Records excerpted from a collection:
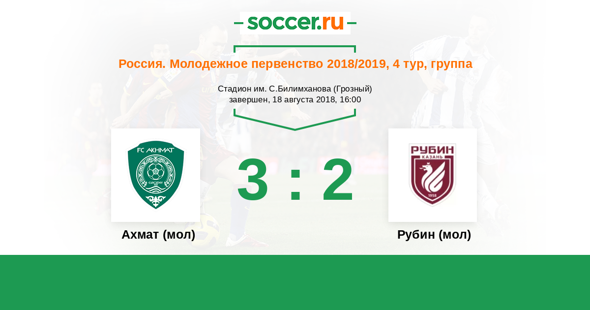 Россия. Премьер-Лига U21 28.07.2019 Рубин (мол) Логотип футбольный клуб Рубин (мол) (Казань) 1:1 Логотип футбольный клуб Ахмат (мол) (Грозный) Ахмат (мол)
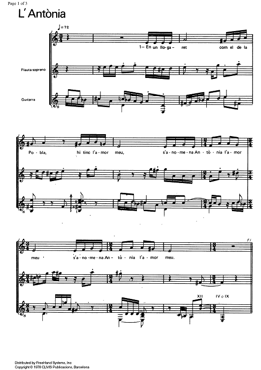 Digital Sheet Music for L'Antonia by , Bernat Rövenstrunk scored for Vocal/Recorder/Guitar; id:349119
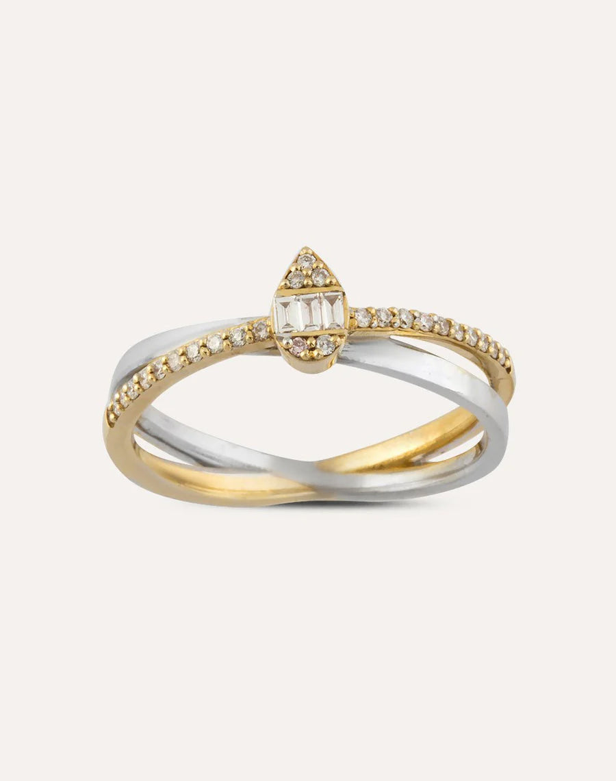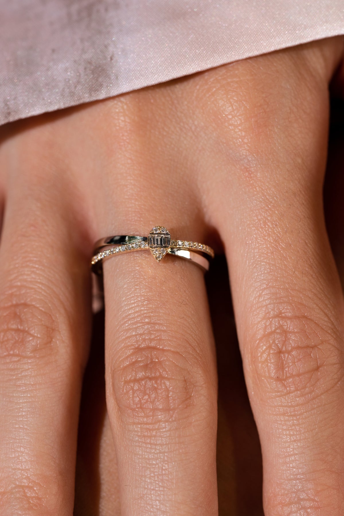 Golden Drop Baget Pırlanta Yüzük, adını aldığı damla formundaki baget pırlanta ile dikkat çeker. Beyaz ve sarı altının uyumlu birleşimi, yüzüğe hem klasik hem de modern bir hava katar. İnce işçiliği ve zarif hatlarıyla bu yüzük, parmağınızda adeta bir mücevher damlası taşır.
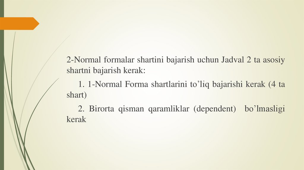 2-Normal formalar shartini bajarish uchun Jadval 2 ta asosiyshartni bajarish kerak:
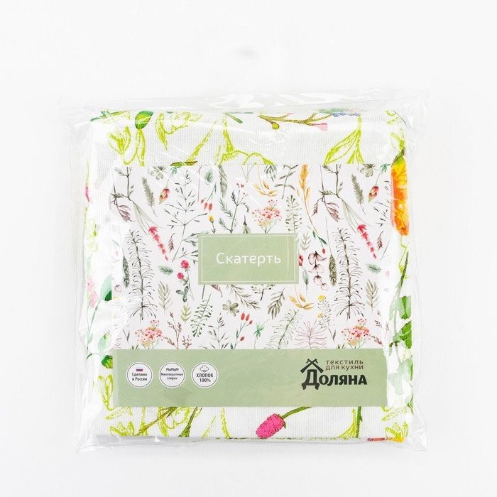 Скатерть Доляна «Полевые цветы» 110×144 см, 100% хлопок, рогожка, 164 г/м2
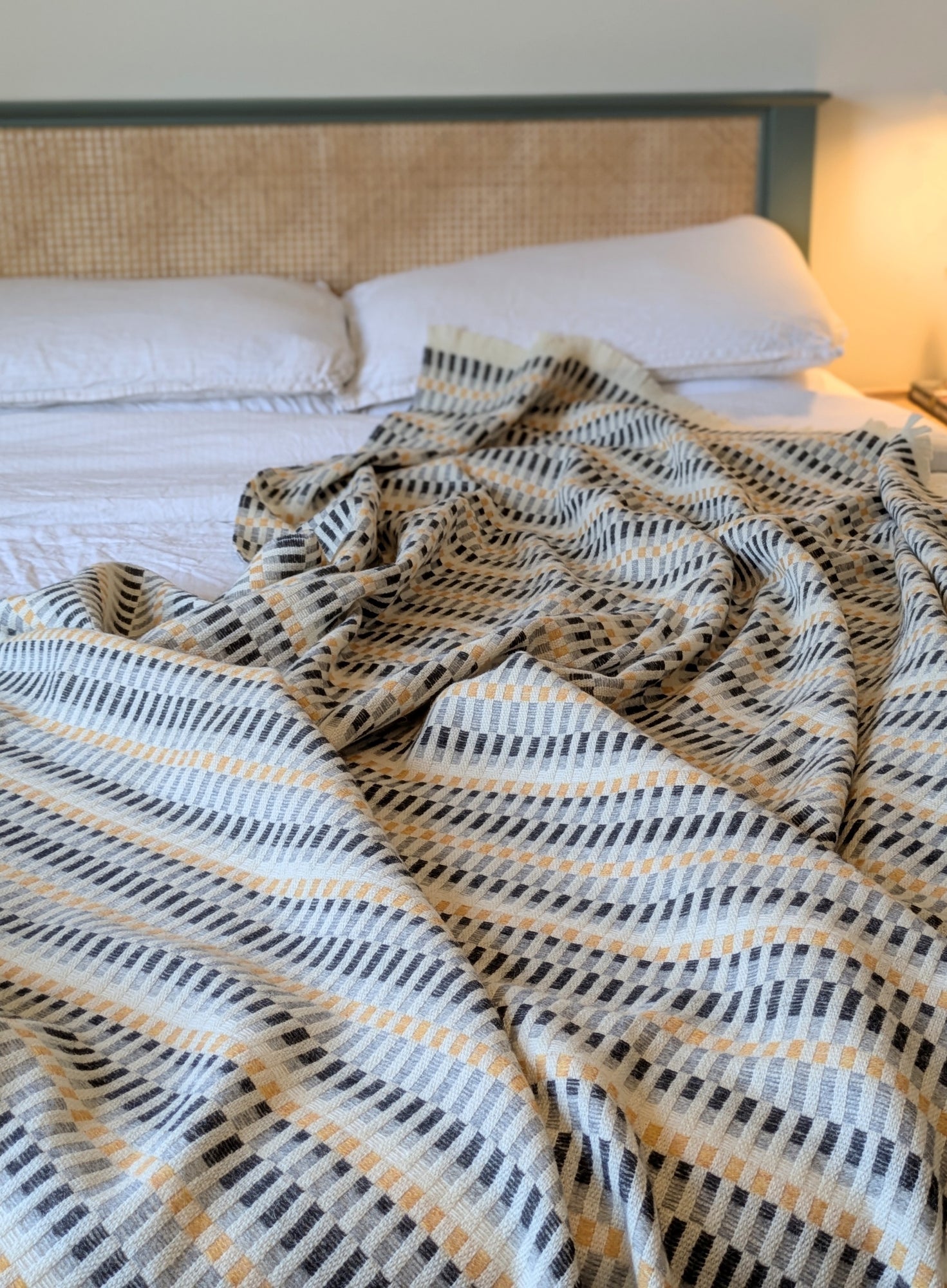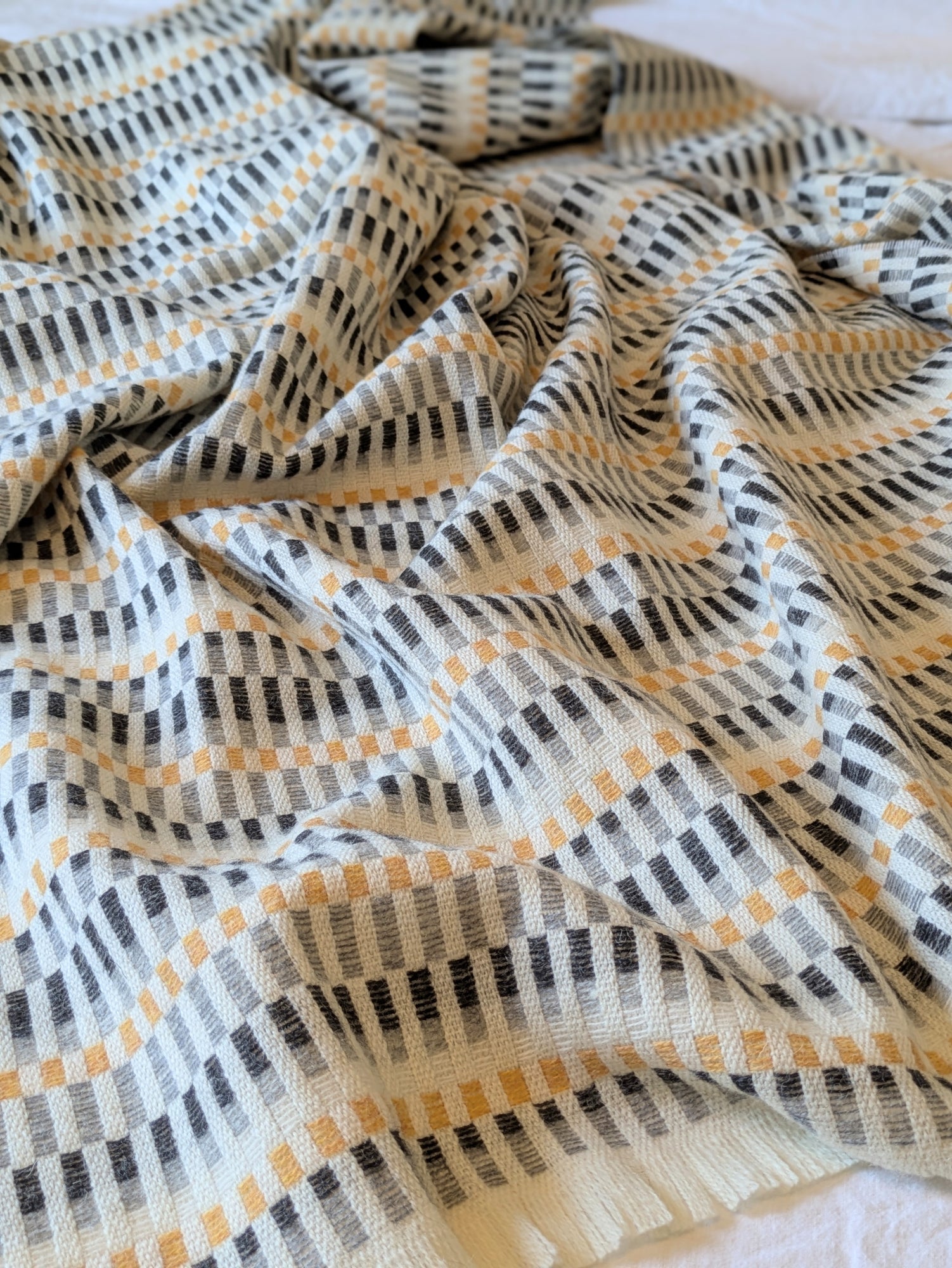 A soft, fine and cosy lambswool throw with a subtle block pattern in greys, neutrals and sunshine yellow These blankets are created with suitability at the forefront of our minds - the wools are a mix of British undyed yarns as well as deadstock merinos that would have made their way into landfill.
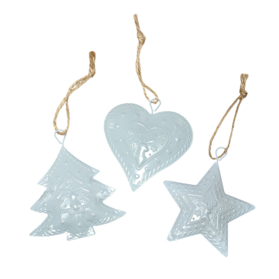 Dekorativt sæt med tre lyseblå ophæng i metal – hjerte, stjerne og juletræ. Hver figur måler ca. 10 cm i højden og 9 cm i bredden og leveres med snor til ophæng. Perfekt som naturlig julepynt, gavepynt eller rustik dekoration året rundt.
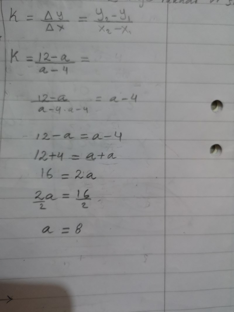 Det du har skrivit här har inget med den här uppgiften att göra. Du skall lösa ekvationen , där k är riktningskoefficienten för den linje som är vinkelrät mot linjen 2x-3y+4=0. Då får du fram ett värde på a, och när du sätter in det får du fram de riktiga koordinaterna för punkterna (a,12) och (4,a).

Work to complete:
Could you set down, exactly as written, every line from the one with "A soft, fine" to the end of the data, both ends included? Leave out the pictures.

Solution for this exercise:
 A soft, fine and cosy lambswool throw with a subtle block pattern in greys, neutrals and sunshine yellow These blankets are created with suitability at the forefront of our minds - the wools are a mix of British undyed yarns as well as deadstock merinos that would have made their way into landfill.
 Dekorativt sæt med tre lyseblå ophæng i metal – hjerte, stjerne og juletræ. Hver figur måler ca. 10 cm i højden og 9 cm i bredden og leveres med snor til ophæng. Perfekt som naturlig julepynt, gavepynt eller rustik dekoration året rundt.
 Det du har skrivit här har inget med den här uppgiften att göra. Du skall lösa ekvationen , där k är riktningskoefficienten för den linje som är vinkelrät mot linjen 2x-3y+4=0. Då får du fram ett värde på a, och när du sätter in det får du fram de riktiga koordinaterna för punkterna (a,12) och (4,a).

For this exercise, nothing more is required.